Aldrich "Rick" Ames é um vilão nacional, um traidor odiado nos EUA. Funcionário graduado da CIA, vendeu ao inimigo, a KGB, tudo o que sabia. Hoje Rick Ames é o preso nº 40087-083 da penitenciária de Allenwood (Pensilvânia), de segurança máxima.
A entrevista de três horas teve lugar no recinto de visitas da penitenciária, fechado para outros visitantes. Um oficial da CIA, Carol Davis, estava presente e interrompia Ames cada vez que este, a seu ver, estava prestes a revelar informações sigilosas.
Pergunta - Dizem que o sr. é o mais importante espião da KGB (e depois do SVR, o serviço russo de espionagem) jamais descoberto trabalhando no interior da CIA. O sr. concorda?
Aldrich Ames - Eu colocaria a coisa da seguinte maneira: fui o espião americano a serviço da KGB que teve o maior acesso às melhores informações durante o mais longo período de tempo.
Pergunta - O sr. tem orgulho disso?
Ames - Não, nunca tive. Eu jamais disse a mim mesmo: "Sou melhor do que Kim Philby" (agente duplo britânico, morto em Moscou em 1988). Vale observar que a CIA quer evitar que eu me transforme numa personalidade, como Philby.
Pergunta - Mas o sr. é um canalha, não é?

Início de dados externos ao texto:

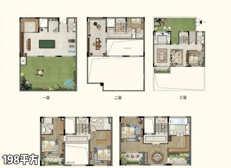每栋别墅配备前后双花园与私家庭院,部分户型设有多功能地下层,适合打造酒窖、影音室或私家健身空间。卧室与起居区动静分离,保证家庭生活的私密性。厨房餐厅采用开放式布局,与庭院空间自然衔接,呈现优雅生活格调。整体空间设计灵活,可随家庭阶段变化进行功能调整,真正实现一宅多用,居住无忧。
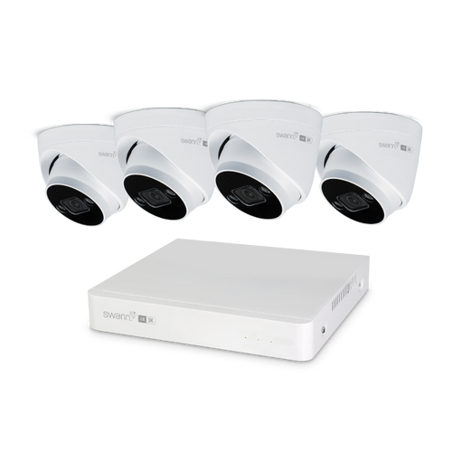 Enhance your business security with the Swann AdvancedX™ Wired 8 Channel NVR system and 4 Dome Camera Kit, delivering 3K clarity for detailed surveillance. Experience superior color night vision with integrated spotlights for clear footage up to 82ft/25m in darkness.
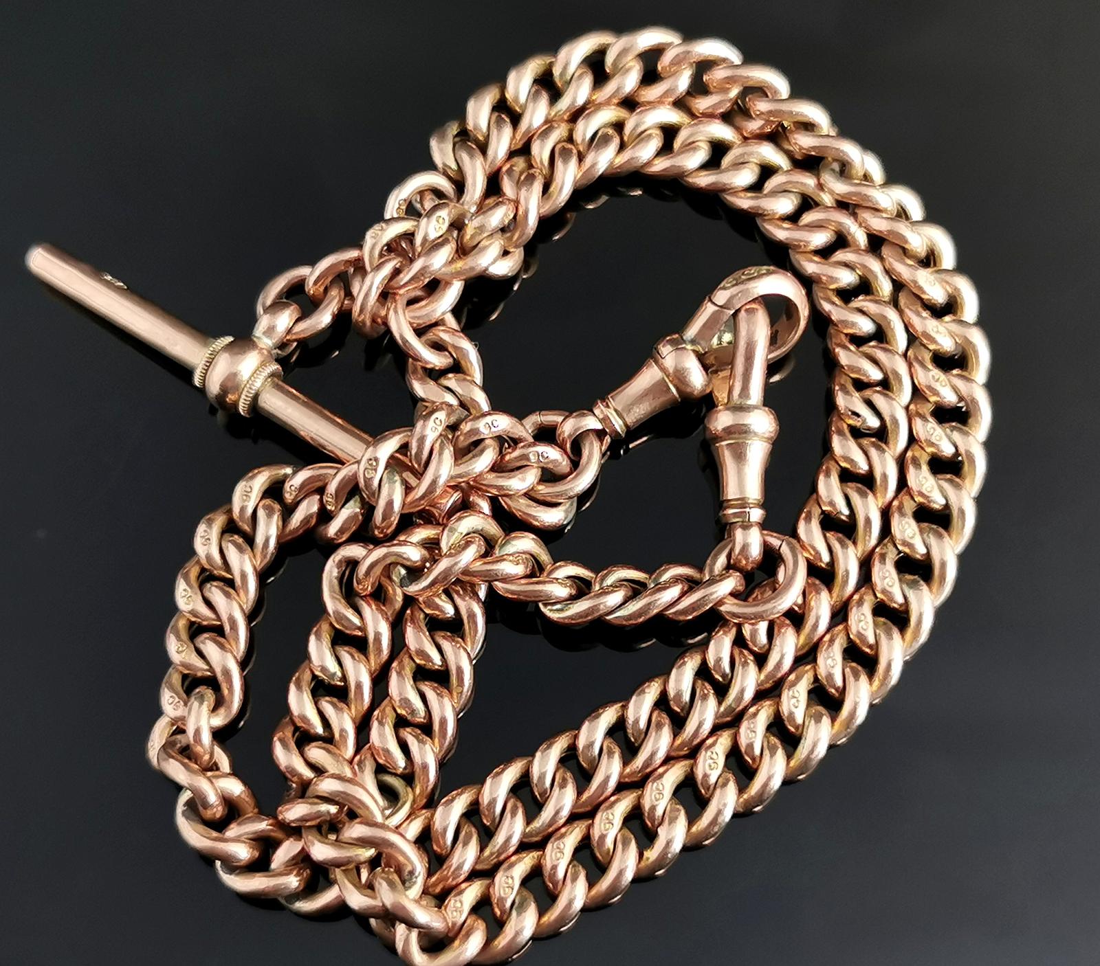 Antique 9ct Rose Gold Albert Chain, Watch Chain Necklace, Edwardian

Ames - Sim, é claro, fui um canalha. Moral e legalmente meu caso é claro. Mas a CIA quer controlar o que eu falo. Ela tem horror de ser criticada publicamente.
Pergunta - Então o sr. merece a pena a que foi condenado?
Ames - Ser condenado por espionagem e ser condenado à prisão —sim, mereço.
Pergunta - À prisão perpétua?
Ames - O sr. sabe, as sentenças nesses casos são políticas. Veja o caso dos Rosenberg. A meu ver eram culpados. Mas será que mereciam ser executados por isso? Provavelmente não.
Pergunta - O que se passou em sua cabeça em abril de 1985? Por que o sr. decidiu, aos 44 anos, trair seu país e a CIA?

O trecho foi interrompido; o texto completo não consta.